#### Exercise:
From the records below, please repeat exactly the line that has "Dans le livret", the line that has "Résultats des votes", and every line between them, and nothing else.

#### Data extract:
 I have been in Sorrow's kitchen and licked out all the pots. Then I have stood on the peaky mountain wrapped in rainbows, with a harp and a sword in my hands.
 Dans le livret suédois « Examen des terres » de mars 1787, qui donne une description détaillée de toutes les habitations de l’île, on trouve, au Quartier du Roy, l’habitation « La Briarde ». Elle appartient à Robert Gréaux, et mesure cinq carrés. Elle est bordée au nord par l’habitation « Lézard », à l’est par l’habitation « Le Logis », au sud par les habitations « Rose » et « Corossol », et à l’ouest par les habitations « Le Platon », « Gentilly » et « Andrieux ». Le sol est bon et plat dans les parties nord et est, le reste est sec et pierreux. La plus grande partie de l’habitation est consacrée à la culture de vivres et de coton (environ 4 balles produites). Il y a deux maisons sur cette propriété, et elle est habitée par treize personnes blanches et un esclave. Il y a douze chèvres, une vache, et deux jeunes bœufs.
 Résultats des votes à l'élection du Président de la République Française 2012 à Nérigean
==
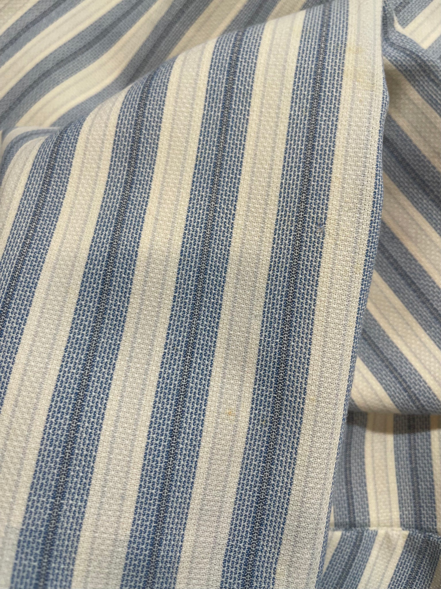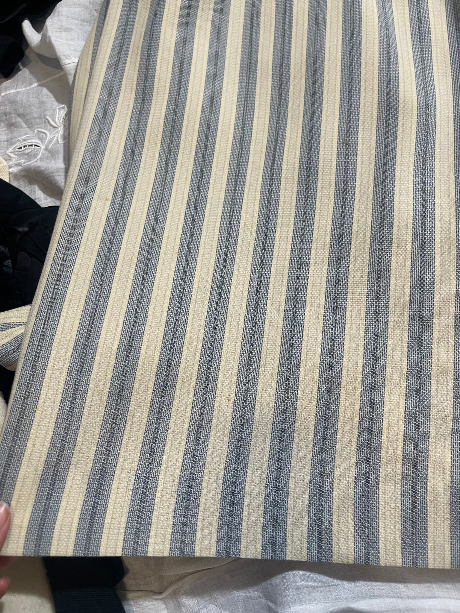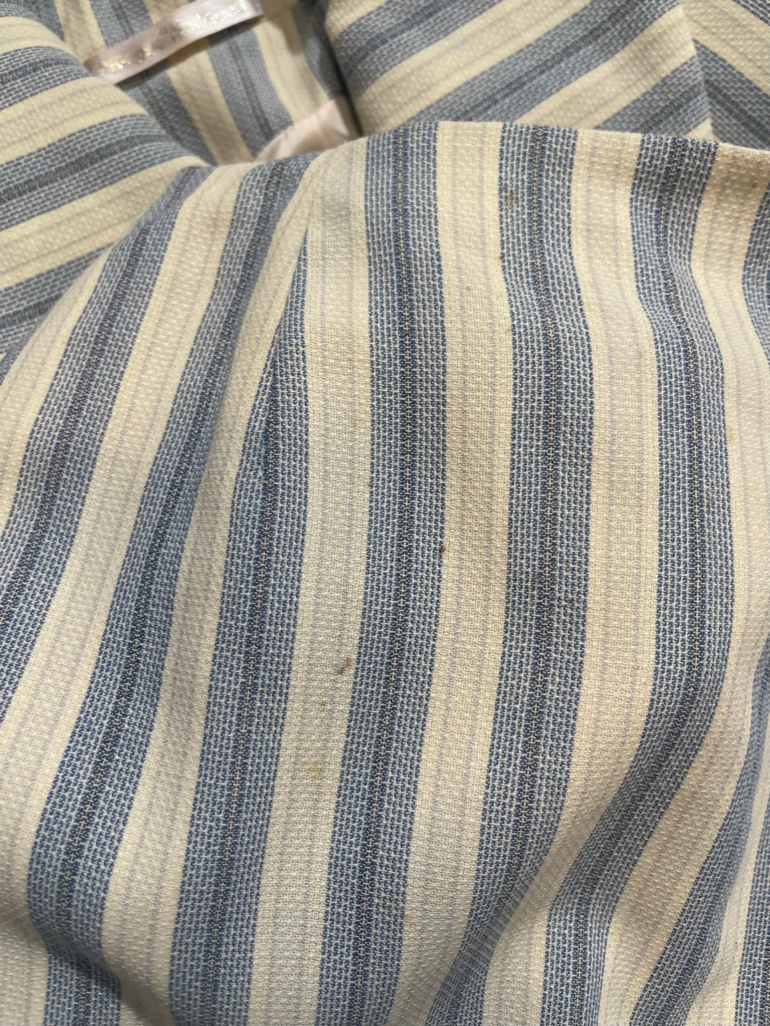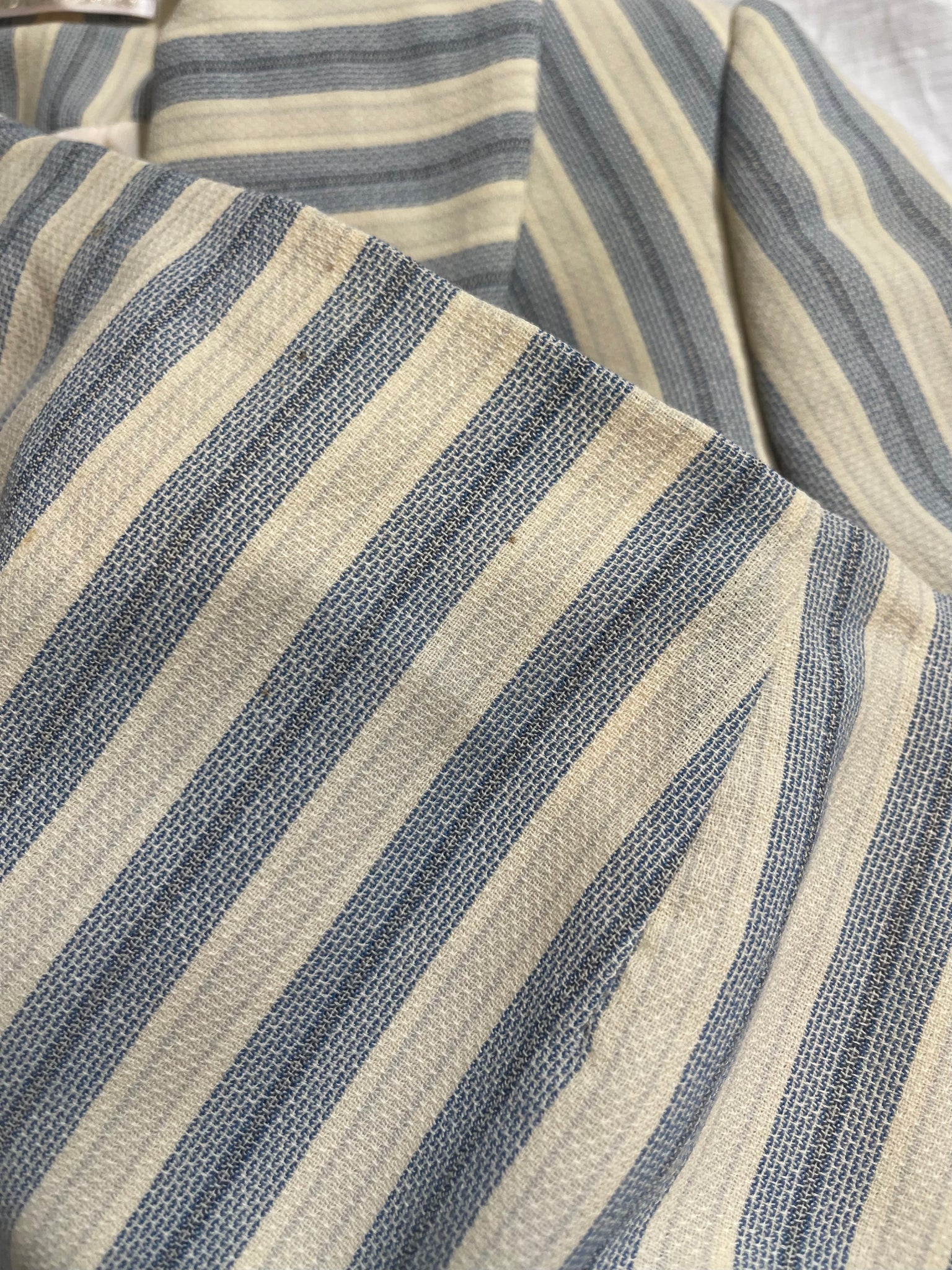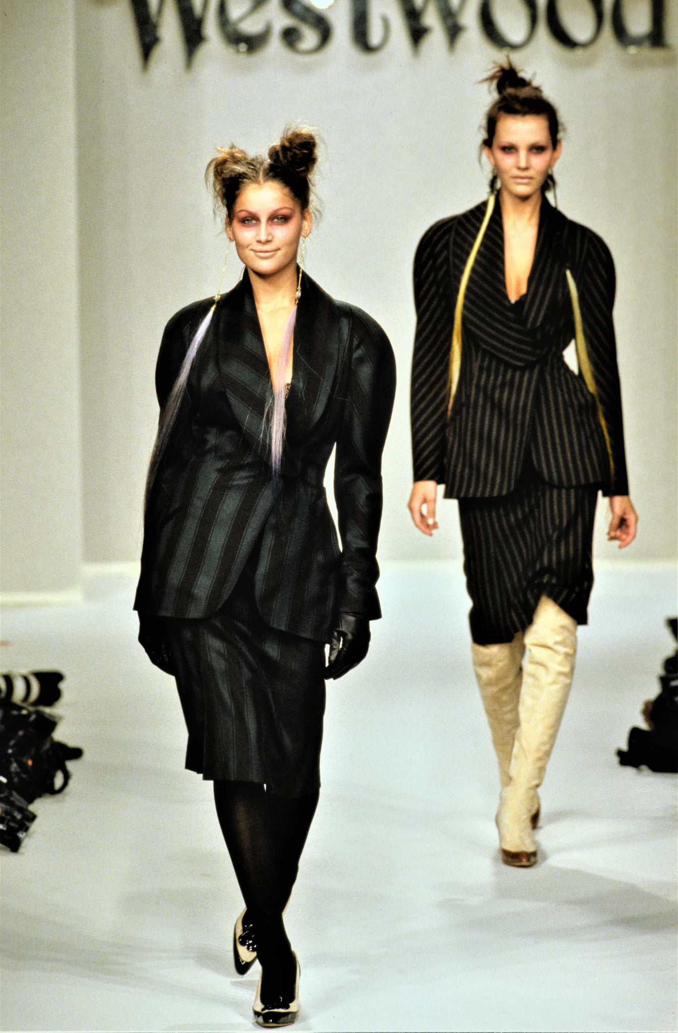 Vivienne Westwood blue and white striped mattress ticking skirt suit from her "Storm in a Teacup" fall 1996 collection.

#### Exercise response:
 Dans le livret suédois « Examen des terres » de mars 1787, qui donne une description détaillée de toutes les habitations de l’île, on trouve, au Quartier du Roy, l’habitation « La Briarde ». Elle appartient à Robert Gréaux, et mesure cinq carrés. Elle est bordée au nord par l’habitation « Lézard », à l’est par l’habitation « Le Logis », au sud par les habitations « Rose » et « Corossol », et à l’ouest par les habitations « Le Platon », « Gentilly » et « Andrieux ». Le sol est bon et plat dans les parties nord et est, le reste est sec et pierreux. La plus grande partie de l’habitation est consacrée à la culture de vivres et de coton (environ 4 balles produites). Il y a deux maisons sur cette propriété, et elle est habitée par treize personnes blanches et un esclave. Il y a douze chèvres, une vache, et deux jeunes bœufs.
 Résultats des votes à l'élection du Président de la République Française 2012 à Nérigean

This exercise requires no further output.